The k-means center of mass module provides coordinates for 4 points that it considers to be the corners and the lone center of mass module computes for the game piece itself. The corner data is then used to compute the bounding rectangle and grid spacing for the game board, which is then used to compute the coordinates of the game piece through the following formulas:

$$piece\_x = (coord_x - board_{xl}) * N/(board_{xr} - board_{xl})$$

 $^2\mathrm{Notice}$  this is slightly slower than the clock speed of the HDMI output. See the FPGA timing section for details



Fig. 6. Recognition Module Block Diagram

$$piece\_y = (coord_u - board_{ut}) * N/(board_{ub} - board_{ut})$$

In our k-means module, we process over a stream of threshold marked pixels to classify which corner they are closest to. To take advantage of FPGA parallelism, we compute the Euclidean distance from each such point to all k centers in parallel similar to [2], before computing the minimum. During each frame, the module tracks a sum and count of coordinates for pixels belonging to each center. Upon receiving a new frame signal, the module computes the new k centers. If the corners all remain within a certain threshold after a few frames, we consider the k center of masses as stabilized and valid, before sending it down the design pipeline. Figure 7 provides rendered scenes during RTL simulation of this module.
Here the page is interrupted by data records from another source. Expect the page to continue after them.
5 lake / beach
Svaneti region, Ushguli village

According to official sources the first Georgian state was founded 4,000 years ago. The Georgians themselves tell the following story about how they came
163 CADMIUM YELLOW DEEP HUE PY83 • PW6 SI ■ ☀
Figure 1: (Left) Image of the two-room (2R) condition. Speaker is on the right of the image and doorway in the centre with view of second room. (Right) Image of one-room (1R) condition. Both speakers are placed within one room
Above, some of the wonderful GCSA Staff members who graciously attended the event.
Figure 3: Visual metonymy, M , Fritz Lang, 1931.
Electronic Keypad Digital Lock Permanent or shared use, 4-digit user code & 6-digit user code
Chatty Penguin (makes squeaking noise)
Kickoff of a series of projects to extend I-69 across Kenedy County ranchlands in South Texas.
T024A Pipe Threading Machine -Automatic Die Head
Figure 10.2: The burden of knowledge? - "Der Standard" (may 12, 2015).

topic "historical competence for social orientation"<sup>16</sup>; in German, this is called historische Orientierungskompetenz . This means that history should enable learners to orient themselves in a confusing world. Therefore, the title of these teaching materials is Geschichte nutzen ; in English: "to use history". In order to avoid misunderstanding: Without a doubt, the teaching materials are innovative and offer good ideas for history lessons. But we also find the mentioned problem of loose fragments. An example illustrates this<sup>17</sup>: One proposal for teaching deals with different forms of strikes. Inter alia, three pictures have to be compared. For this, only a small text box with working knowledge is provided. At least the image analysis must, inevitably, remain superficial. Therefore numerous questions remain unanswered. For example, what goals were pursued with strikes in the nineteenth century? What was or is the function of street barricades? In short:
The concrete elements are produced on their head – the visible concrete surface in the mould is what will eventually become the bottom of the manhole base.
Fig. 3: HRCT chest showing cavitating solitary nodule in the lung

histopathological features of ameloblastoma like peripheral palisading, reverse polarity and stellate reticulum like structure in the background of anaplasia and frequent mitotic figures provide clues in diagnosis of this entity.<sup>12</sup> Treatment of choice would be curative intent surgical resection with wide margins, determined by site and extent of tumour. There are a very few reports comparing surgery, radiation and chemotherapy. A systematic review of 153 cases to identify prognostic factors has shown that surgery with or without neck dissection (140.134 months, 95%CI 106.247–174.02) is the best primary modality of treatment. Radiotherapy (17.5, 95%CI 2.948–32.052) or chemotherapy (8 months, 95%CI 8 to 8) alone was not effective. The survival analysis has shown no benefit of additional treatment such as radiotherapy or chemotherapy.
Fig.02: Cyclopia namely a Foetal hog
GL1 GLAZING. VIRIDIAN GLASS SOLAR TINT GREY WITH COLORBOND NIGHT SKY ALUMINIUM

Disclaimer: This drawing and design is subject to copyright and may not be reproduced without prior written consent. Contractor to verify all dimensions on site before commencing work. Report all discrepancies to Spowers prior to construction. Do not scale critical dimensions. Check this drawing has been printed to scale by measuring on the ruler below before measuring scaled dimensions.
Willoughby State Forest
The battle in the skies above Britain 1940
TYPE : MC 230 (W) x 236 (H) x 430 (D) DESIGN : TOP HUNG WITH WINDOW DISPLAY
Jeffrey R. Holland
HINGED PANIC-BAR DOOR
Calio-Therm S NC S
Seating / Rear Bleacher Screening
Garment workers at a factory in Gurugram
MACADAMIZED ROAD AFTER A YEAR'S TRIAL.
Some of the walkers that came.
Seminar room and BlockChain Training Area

Fig. 7. Scene rendering simulation for k-means center of mass

Note that all the data accumulates when the HDMI active draw signal is high, and all the remaining computation occurs after the new frame signal arrives. This design takes advantage of the very long HDMI blank and sync periods to compute the new k center of masses - specifically, we have nearly 50,000 cycles given 1280 x 720 resolution HDMI specifications for blank and sync cycles, which is more than enough for these modules, especially as the longest path consists of 2 32-cycle dividers in series for computing the coordinates from the corners.

During our early test runs under real world conditions, the recognition's bounding box and piece location were very jittery. We tackled this problem through a stabilizer module as seen in Lab 6 of 6.2050, where the output value is determined as a weighted average of 25% of the new value and 75% of the previous value. This weighted account of history led to decent stabilization. Additionally, after multiple rounds of failed corner detection, we reset the k-means values to the 4 corners of the screen to help the computation escape a poor convergence.



Fig. 8. Overlay Module Block Diagram

The inputs to this module as seen in Figure 8 are:

- clk in, rst in (1-bit): Clock and reset signals.
- hcount (12-bit): HDMI hcount signal.
- vcount (11-bit): HDMI vcount signal.
- video\_in (24-bit): RGB pixel data from the video input stream.
- valid\_in (1-bit): Indicates valid pixel data.
- game\_state (array, N\_PIECES): Bitmap indicating active game pieces.
- valid player move (1-bit): Indicates if a move is valid.
- solver\_working (1-bit): Indicates if the solver is working
- game\_over (1-bit): Indicates if a game is over.
- board\_x\_left, board\_x\_right (12-bit): Horizontal boundaries of the board in pixel coordinates.
- board\_y\_top, board\_y\_bottom (11-bit): Vertical boundaries of the board in pixel coordinates.
- piece\_x, piece\_y (3-bit): Coordinate locations of the player game piece on the board.
- coord\_x, coord\_y (12-bit/11-bit): Actual pixel coordinates of the detected player piece for determining whether the player piece is in bounds.
- score\_white, score\_black (6-bit): Scores for respective players.

The outputs are:

 video\_out\_data (24-bit): Modified RGB pixel data with overlaid game elements.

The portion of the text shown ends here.